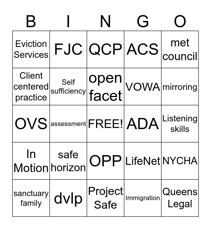 This bingo card has a free space and 24 words: safe horizon, dvlp, open facet, sanctuary family, met council, Eviction Services, Client centered practice, FJC, ADA, OPP, VOWA, OVS, LifeNet, NYCHA, Self sufficiency, Immigration, Listening skills, QCP, mirroring, assessment, Queens Legal, In Motion, ACS and Project Safe.
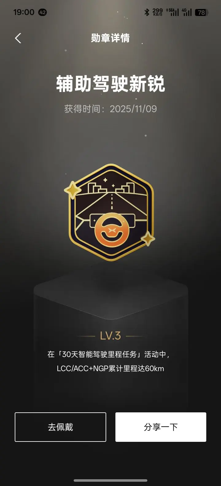 这是我拿到的第一枚勋章,获得于2025/10/24,完成新鹏友指引时解锁的。蓝黑配色的徽章里,星空、公路和方向盘的设计太戳我了——它不仅是新手入门的纪念,更是我第一次体验小鹏智驾的起点,每次看到都能想起刚提车时,对着辅助驾驶功能反复摸索的新鲜感。
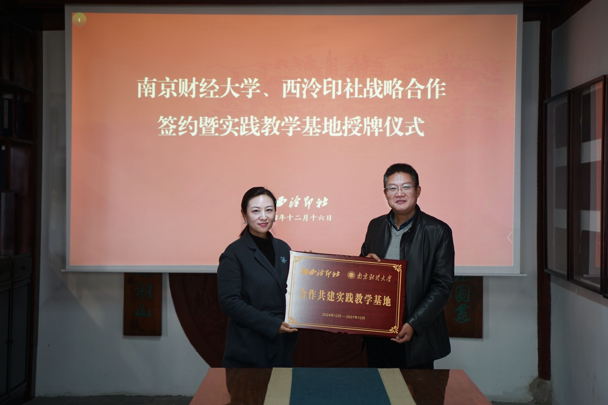 12月16日,bat365与西泠印社战略合作签约暨实践教学基地授牌仪式在西泠印社孤山社址举行。党委常委、副校长姚文韵受邀出席活动,西泠印社党委副书记王宏伟、bat365艺术教育中心班子成员及篆刻基地教师代表等参加活动。
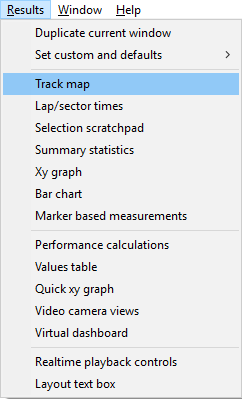 Step 1: Having loaded a run, go to the results menu at the top of the screen. Then select the track map option.
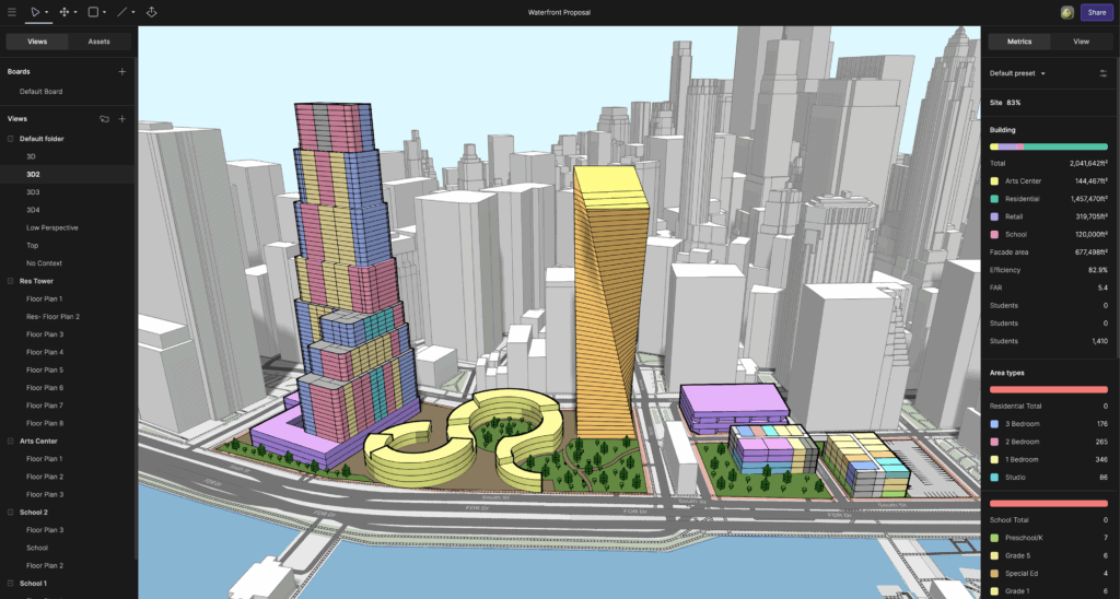 Everything about Arcol reminds me of Motif, another web-based BIM platform that launched in March. Both platforms are taking aim at what they see as the outdated BIM goliath (cough, Revit). Both are explicitly taking cues from Figma and similar web-based tools. Both are coming out of the gate with a focus on conceptual design and real-time collaboration. Both have a synchronized presentation workspace (Motif’s is called Frames). Both have an add-on to send data directly to Revit (though Motif’s is bidirectional, while Arcol’s appears to be one-way). Both are planning more BIM add-ons soon (Motif currently supports Rhino as well as Revit).
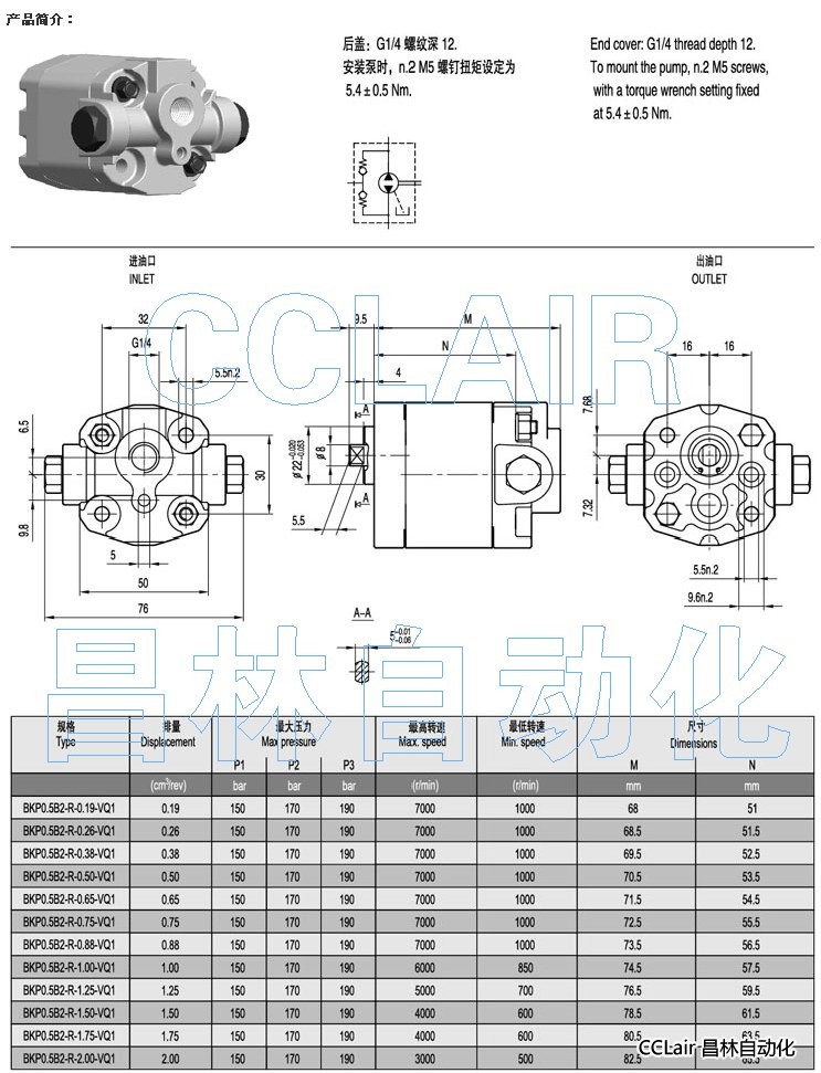BKP0.5B2-R-0.19-VQ1,BKP0.5B2-R-0.26-VQ1,齒輪泵

= = = =

### Assignment
Your answer should be a precise transcript of the entries, minus the pictures.

### Expected answer
 This bingo card has a free space and 24 words: safe horizon, dvlp, open facet, sanctuary family, met council, Eviction Services, Client centered practice, FJC, ADA, OPP, VOWA, OVS, LifeNet, NYCHA, Self sufficiency, Immigration, Listening skills, QCP, mirroring, assessment, Queens Legal, In Motion, ACS and Project Safe.
 这是我拿到的第一枚勋章,获得于2025/10/24,完成新鹏友指引时解锁的。蓝黑配色的徽章里,星空、公路和方向盘的设计太戳我了——它不仅是新手入门的纪念,更是我第一次体验小鹏智驾的起点,每次看到都能想起刚提车时,对着辅助驾驶功能反复摸索的新鲜感。
 12月16日,bat365与西泠印社战略合作签约暨实践教学基地授牌仪式在西泠印社孤山社址举行。党委常委、副校长姚文韵受邀出席活动,西泠印社党委副书记王宏伟、bat365艺术教育中心班子成员及篆刻基地教师代表等参加活动。
 Step 1: Having loaded a run, go to the results menu at the top of the screen. Then select the track map option.
 Everything about Arcol reminds me of Motif, another web-based BIM platform that launched in March. Both platforms are taking aim at what they see as the outdated BIM goliath (cough, Revit). Both are explicitly taking cues from Figma and similar web-based tools. Both are coming out of the gate with a focus on conceptual design and real-time collaboration. Both have a synchronized presentation workspace (Motif’s is called Frames). Both have an add-on to send data directly to Revit (though Motif’s is bidirectional, while Arcol’s appears to be one-way). Both are planning more BIM add-ons soon (Motif currently supports Rhino as well as Revit).
BKP0.5B2-R-0.19-VQ1,BKP0.5B2-R-0.26-VQ1,齒輪泵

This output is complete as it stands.